- Task directions
Print all records exactly, pictures left out.

- Exercise data
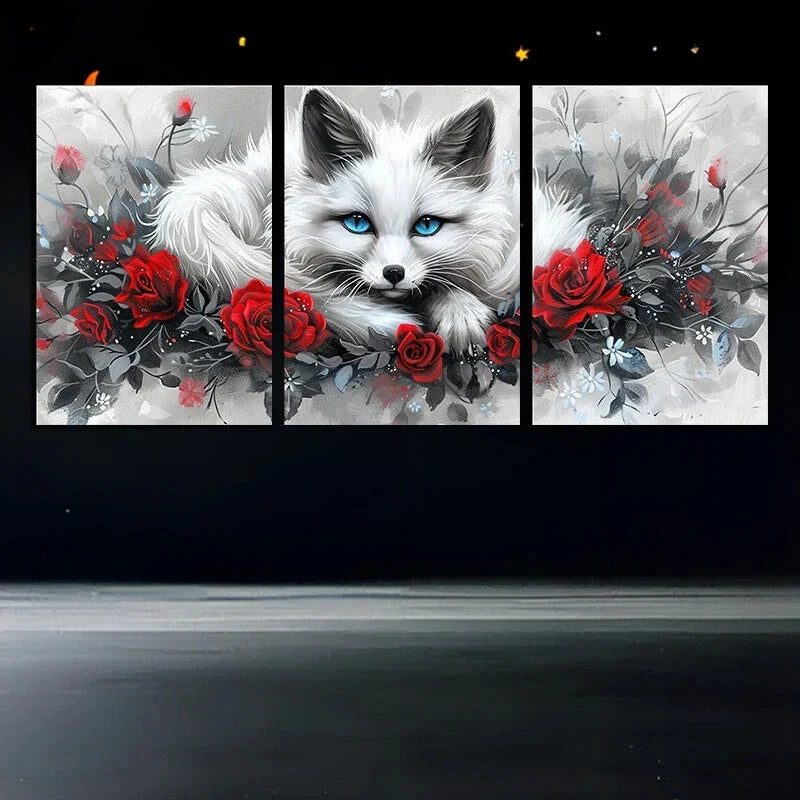 3pcs White Fox and Red Roses Stunning Blue Eyes Metal Print Ready to Hang Art
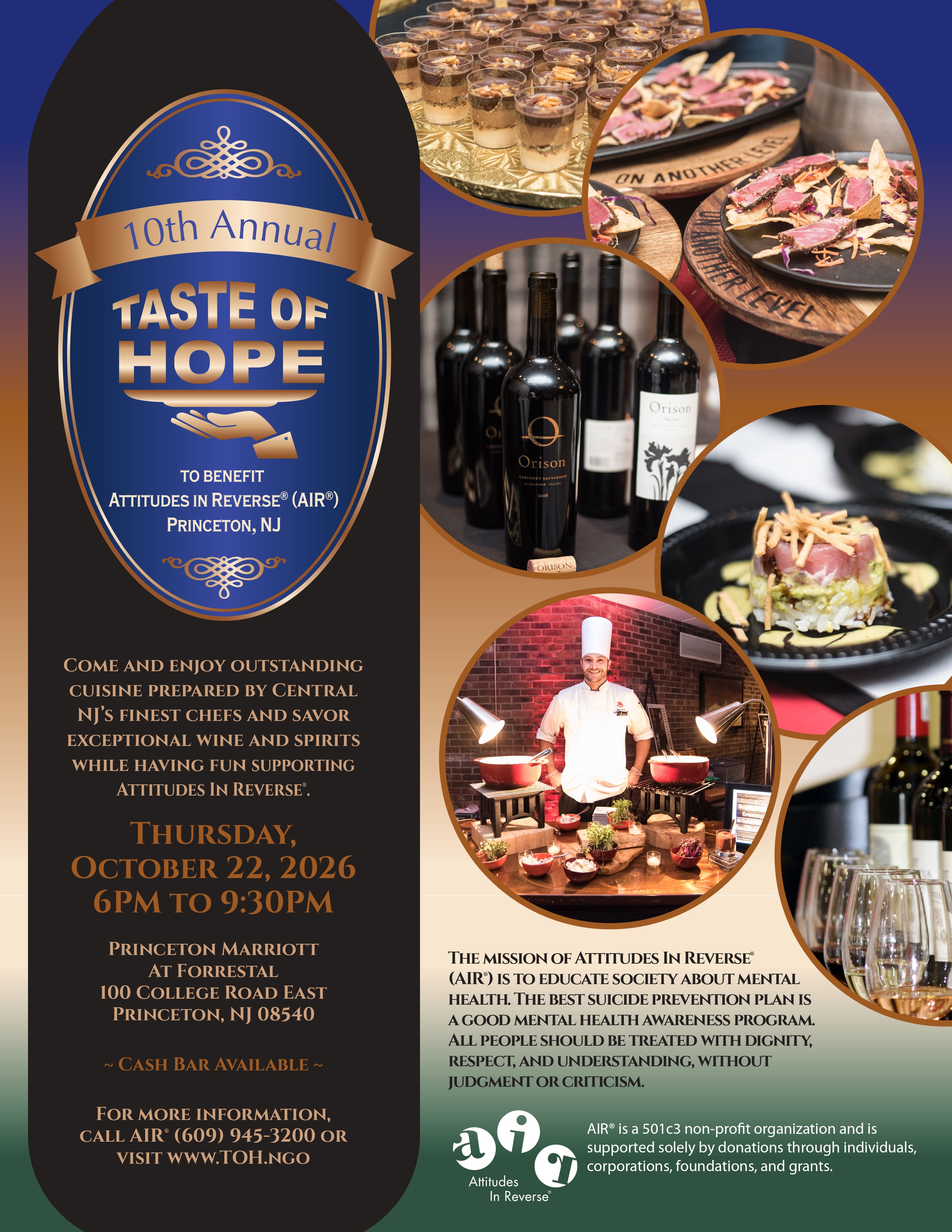 Come and enjoy outstanding cuisine prepared by Central NJ’s finest chefs and savor exceptional wine and spirits while having fun supporting Attitudes In Reverse®.
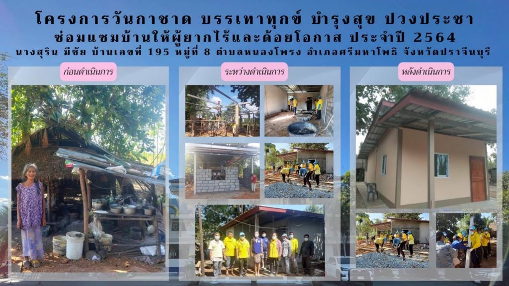 วันที่ 26 มกราคม 2565 นายวรพันธุ์ สุวัณณุสส์ ผู้ว่าราชการจังหวัดปราจีนบุรี พร้อมด้วยนางมัทนา สุวัณณุสส์ นายกเหล่ากาชาดจังหวัดปราจีนบุรี นายพงษ์สิทธิ์ เนื่องจำนงค์ รองผู้ว่าราชการจังหวัดปราจีนบุรี พ.ต.ท.หญิง สุมน เนื่องจำนงค์ รองนายกเหล่ากาชาดจังหวัดปราจีนบุรี นายชัยวรรณ นิยม นายอำเภอศรีมหาโพธิ ที่ปรึกษา คณะกรรมการและสมาชิกเหล่ากาชาดจังหวัดปราจีนบุรี หัวหน้าส่วนราชการ ผู้นำท้องที่ ท้องถิ่น และจิตอาสาพระราชทาน ร่วมในพิธีมอบบ้านตามโครงการ “วันกาชาด บรรเทาทุกข์ บำรุงสุข ปวงประชา” สร้างบ้านให้ผู้ยากไร้และด้อยโอกาส ประจำปี 2564 ที่ได้รับการสนับสนุนจากงบประมาณเหล่ากาชาดจังหวัดปราจีนบุรี จำนวน 120,000 บาท ให้แก่ครอบครัว นางสุริน มีชัย บ้านเลขที่ 195 หมู่ 8 ตำบลหนองโพรง อำเภอศรีมหาโพธิ จังหวัดปราจีนบุรี พร้อมนี้ เหล่ากาชาดจังหวัดปราจีนบุรี ได้มอบ
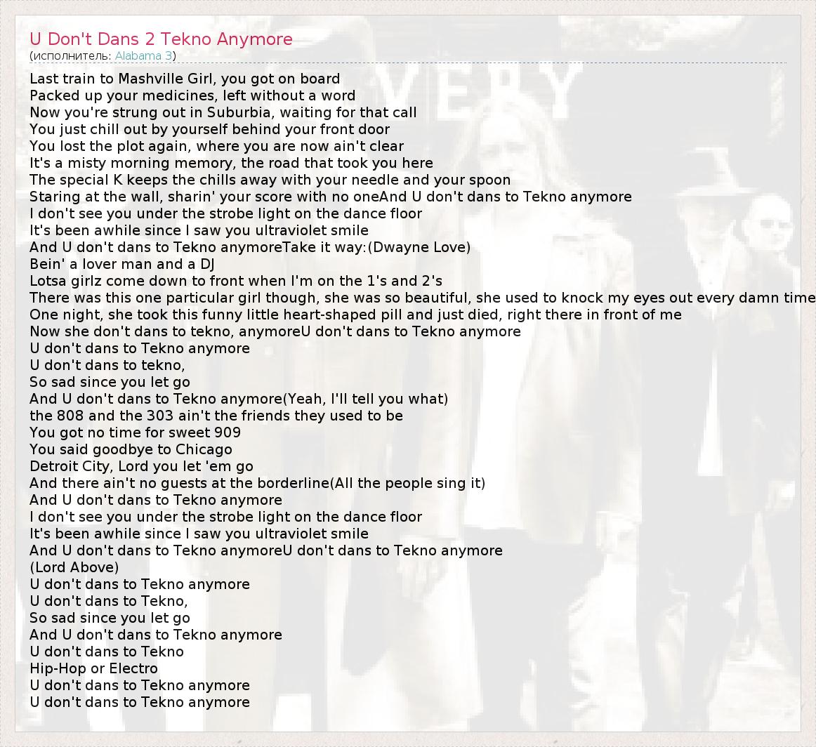 Last train to Mashville Girl, you got on board Packed up your medicines, left without a word Now you're strung out in Suburbia, waiting for that call You just chill out by yourself behind your front door You lost the plot again, where you are now ain't clear It's a misty morning memory, the road that took you here The special K keeps the chills away with your needle and your spoon Staring at the wall, sharin' your score with no oneAnd U don't dans to Tekno anymore I don't see you under the strobe light on the dance floor It's been awhile since I saw you ultraviolet smile And U don't dans to Tekno anymoreTake it way:(Dwayne Love) Bein' a lover man and a DJ Lotsa girlz come down to front when I'm on the 1's and 2's There was this one particular girl though, she was so beautiful, she used to knock my eyes out every damn time One night, she took this funny little heart-shaped pill and just died, right there in front of me Now she don't dans to tekno, anymoreU don't dans to Tekno anymore U don't dans to Tekno anymore U don't dans to tekno, So sad since you let go And U don't dans to Tekno anymore(Yeah, I'll tell you what) the 808 and the 303 ain't the friends they used to be You got no time for sweet 909 You said goodbye to Chicago Detroit City, Lord you let 'em go And there ain't no guests at the borderline(All the people sing it) And U don't dans to Tekno anymore I don't see you under the strobe light on the dance floor It's been awhile since I saw you ultraviolet smile And U don't dans to Tekno anymoreU don't dans to Tekno anymore (Lord Above) U don't dans to Tekno anymore U don't dans to Tekno, So sad since you let go And U don't dans to Tekno anymore U don't dans to Tekno Hip-Hop or Electro U don't dans to Tekno anymore U don't dans to Tekno anymore
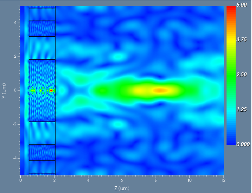 将透镜设计改为超透镜后,得到了相似的结果。其焦点峰值位于 8.0475μm 处,但光斑尺寸更大。两种设计结果的差异源于超构透镜中高透过率区的折射率对比度不同且透射率较低。
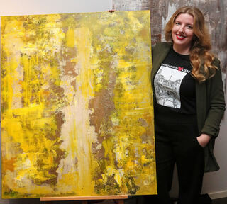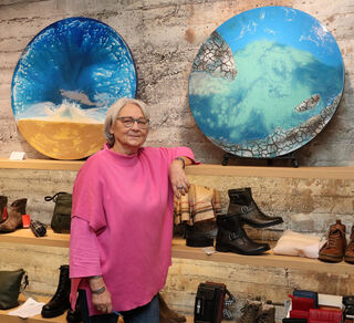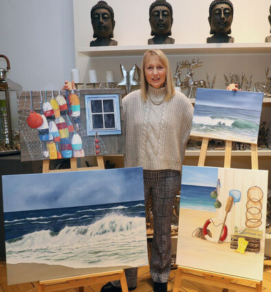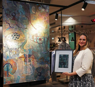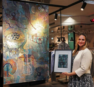 Bräuninger: Nina Kruser mit dem Kunstwerk "Unter der Maske" in der Hand. Das große Bild heißt "Kalimera Kriti".

- Your solution
 3pcs White Fox and Red Roses Stunning Blue Eyes Metal Print Ready to Hang Art
 Come and enjoy outstanding cuisine prepared by Central NJ’s finest chefs and savor exceptional wine and spirits while having fun supporting Attitudes In Reverse®.
 วันที่ 26 มกราคม 2565 นายวรพันธุ์ สุวัณณุสส์ ผู้ว่าราชการจังหวัดปราจีนบุรี พร้อมด้วยนางมัทนา สุวัณณุสส์ นายกเหล่ากาชาดจังหวัดปราจีนบุรี นายพงษ์สิทธิ์ เนื่องจำนงค์ รองผู้ว่าราชการจังหวัดปราจีนบุรี พ.ต.ท.หญิง สุมน เนื่องจำนงค์ รองนายกเหล่ากาชาดจังหวัดปราจีนบุรี นายชัยวรรณ นิยม นายอำเภอศรีมหาโพธิ ที่ปรึกษา คณะกรรมการและสมาชิกเหล่ากาชาดจังหวัดปราจีนบุรี หัวหน้าส่วนราชการ ผู้นำท้องที่ ท้องถิ่น และจิตอาสาพระราชทาน ร่วมในพิธีมอบบ้านตามโครงการ “วันกาชาด บรรเทาทุกข์ บำรุงสุข ปวงประชา” สร้างบ้านให้ผู้ยากไร้และด้อยโอกาส ประจำปี 2564 ที่ได้รับการสนับสนุนจากงบประมาณเหล่ากาชาดจังหวัดปราจีนบุรี จำนวน 120,000 บาท ให้แก่ครอบครัว นางสุริน มีชัย บ้านเลขที่ 195 หมู่ 8 ตำบลหนองโพรง อำเภอศรีมหาโพธิ จังหวัดปราจีนบุรี พร้อมนี้ เหล่ากาชาดจังหวัดปราจีนบุรี ได้มอบ
 Last train to Mashville Girl, you got on board Packed up your medicines, left without a word Now you're strung out in Suburbia, waiting for that call You just chill out by yourself behind your front door You lost the plot again, where you are now ain't clear It's a misty morning memory, the road that took you here The special K keeps the chills away with your needle and your spoon Staring at the wall, sharin' your score with no oneAnd U don't dans to Tekno anymore I don't see you under the strobe light on the dance floor It's been awhile since I saw you ultraviolet smile And U don't dans to Tekno anymoreTake it way:(Dwayne Love) Bein' a lover man and a DJ Lotsa girlz come down to front when I'm on the 1's and 2's There was this one particular girl though, she was so beautiful, she used to knock my eyes out every damn time One night, she took this funny little heart-shaped pill and just died, right there in front of me Now she don't dans to tekno, anymoreU don't dans to Tekno anymore U don't dans to Tekno anymore U don't dans to tekno, So sad since you let go And U don't dans to Tekno anymore(Yeah, I'll tell you what) the 808 and the 303 ain't the friends they used to be You got no time for sweet 909 You said goodbye to Chicago Detroit City, Lord you let 'em go And there ain't no guests at the borderline(All the people sing it) And U don't dans to Tekno anymore I don't see you under the strobe light on the dance floor It's been awhile since I saw you ultraviolet smile And U don't dans to Tekno anymoreU don't dans to Tekno anymore (Lord Above) U don't dans to Tekno anymore U don't dans to Tekno, So sad since you let go And U don't dans to Tekno anymore U don't dans to Tekno Hip-Hop or Electro U don't dans to Tekno anymore U don't dans to Tekno anymore
 将透镜设计改为超透镜后,得到了相似的结果。其焦点峰值位于 8.0475μm 处,但光斑尺寸更大。两种设计结果的差异源于超构透镜中高透过率区的折射率对比度不同且透射率较低。
 Bräuninger: Nina Kruser mit dem Kunstwerk "Unter der Maske" in der Hand. Das große Bild heißt "Kalimera Kriti".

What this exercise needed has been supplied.